Kann ja keiner wissen, dass wir diese Wale noch geschlagene 55 Minuten beobachten werden. Immer wieder gehen wir längsseits, halten, stellen den Motor ab, um die Tiere nicht all zu sehr zu stören. Hier darf ein Schiff mit Motor nicht näher als 100 Meter an gesichtete Wale heran und das ist auch gut so. Wir stören sie eh schon genug, (schlechtes Gewissen).
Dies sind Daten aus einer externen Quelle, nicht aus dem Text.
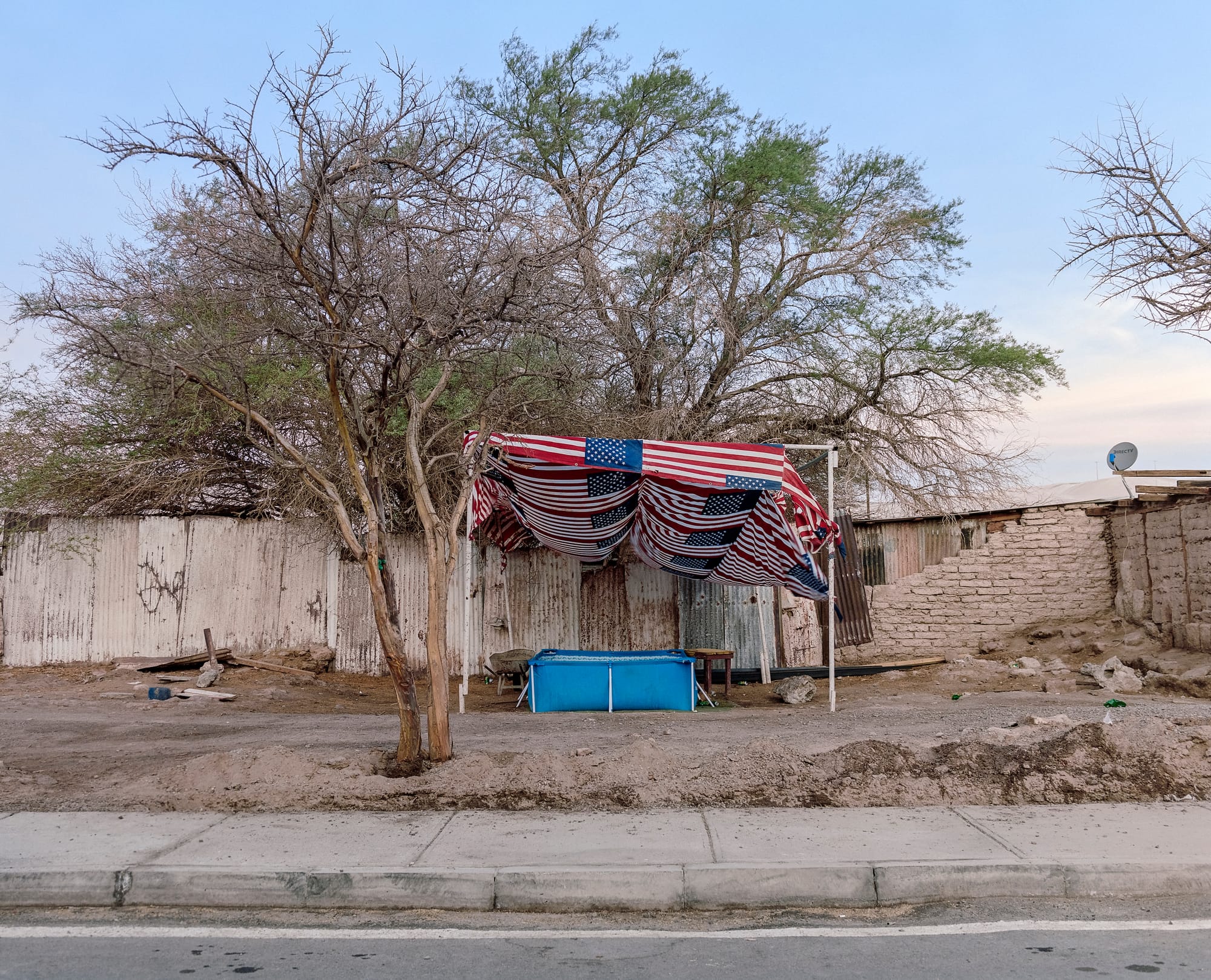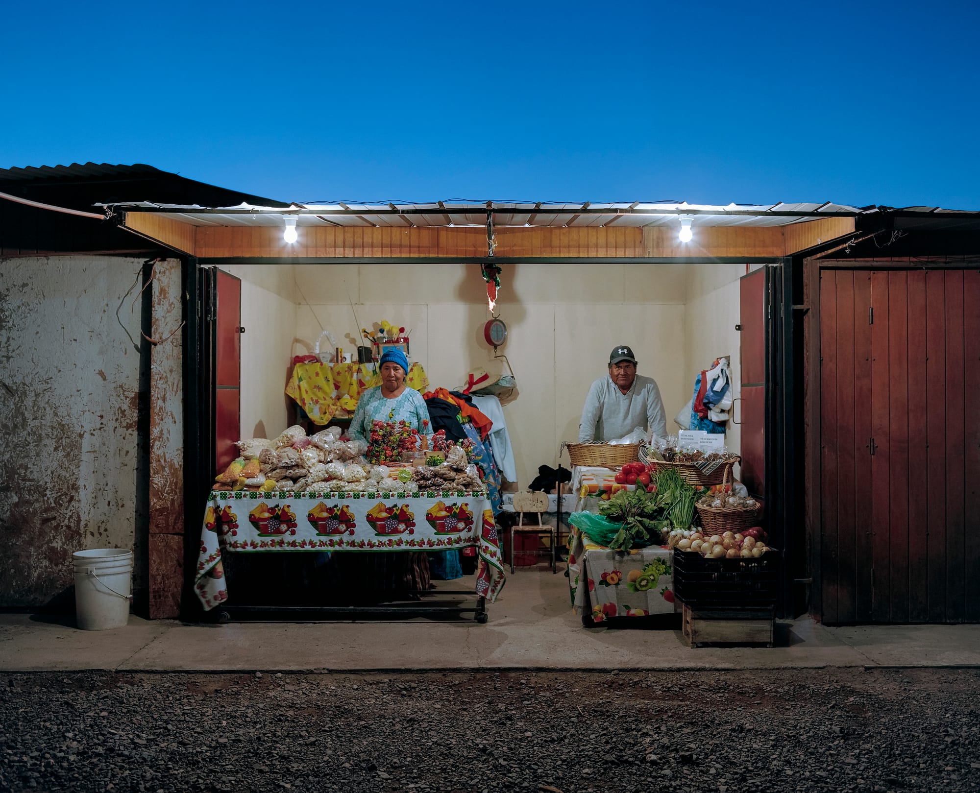 Una pareja de agricultores atiende su local de ventas en la plaza del pueblo de San Francisco de Chiu Chiu, un pequeño oasis ubicado a 30 km al este de la ciudad de Calama, región de Antofagasta, Chile. Sus productos son cultivados en el sector y regados con las aguas del río Loa, pese a la poca disponibilidad que tienen de ella debido al fuerte control de los derechos de agua por parte de la gran industria. El código de aguas de 1981, impuesto por la dictadura de Augusto Pinochet, privatizó los derechos de agua y reconfiguró el paisaje hídrico de estas comunidades, alterando las formas de riego tradicionales y transfiriendo el acceso y uso del agua del sector agropecuario hacia el sector minero y sanitario. | Gaspar Abrilot

Na, dann lasst euch mal begeistern, das sind Orcawale und von denen sieht mal leider nur das obere Viertel, der Rest bleibt immer unter Wasser. 


Wenn die Tiere wie hier nahe an einem Frachter vorbeiziehen, wird einem klar, wie bedroht sie sind. Aber die Tierchen sind ja nicht ganz doof.
Da solch eine Sichtung von Walen schwierig ist so früh am Morgen, halten alle Boote Funkkontakt, um sich gegenseitig Bescheid zu sagen, wo Wale gesichtet wurden. 
Im Hintergrund ein schnelles Zodiac des gleichen Veranstalters, die dürfen ein wenig näher ran, haben aber den Nachteil, dass sie am Ende der Fahrt trotz Spezialanzügen patschenass und erfroren sind. Seetauglich muss man ebenfalls sein, da die Dinger mit 'nem Karacho fahren, dass einem schlecht wird.




Diese Tiere sind schwierig zu fotografieren, anders als die großen Buckelwale, die sich durch eine kleine Puste-Fontäne vor dem Auftauchen ankündigen.
Dieser Schlingel taucht einfach auf, macht 9-10 Hüpfer mit Rückenflosse und taucht dann wieder für 6-7 Minuten unter. An welcher Stelle er wieder hoch kommt und wann kann man nur raten.
Bei dieser Gruppe von Walen war es etwas einfacher, da ja einer immer irgendwie oben war und sie Jungtiere bei sich hatten. Die brauchten öfter mal einen Schnapper Luft.








Das war doch mal was, oder? Denn das was wir heute hier gesehen haben, bestätigt uns die nette junge Dame an Bord, ist der absolute JACKPOT. Dieses sei der größte Walverband, bei uns heißt das Schule, von Alt- und Jungtieren, die seit langem gesichtet wurden. Ganze 25 Tiere sind hier zusammen geschwommen. Das ist super selten, normalerweise sieht man Orcas nur alleine. Vor der japanischen Küste seien einmal 44 Tiere gemeinsam gesichtet worden, das ist aber schon Jahre her.

Uops, na geht doch! Begeisterung macht sich breit. Die Tiere wurde übrigens unter Wasser auf dem Sonar gezählt und wir sind alle ganz stolz dabei gewesen zu sein.

20 Minuten später wieder eine Kehrtwendung, gesichtet wird ein Mink-Wal. Diese Walart zu fotografieren ist fast unmöglich, sie tauchen meistens nur einmal auf, um Luft zu holen und sind dann wieder in den unendlichen Tiefen verschwunden.
Gerne würde ich etwas Anderes sagen, aber Edda hat heute leider kein Foto für euch.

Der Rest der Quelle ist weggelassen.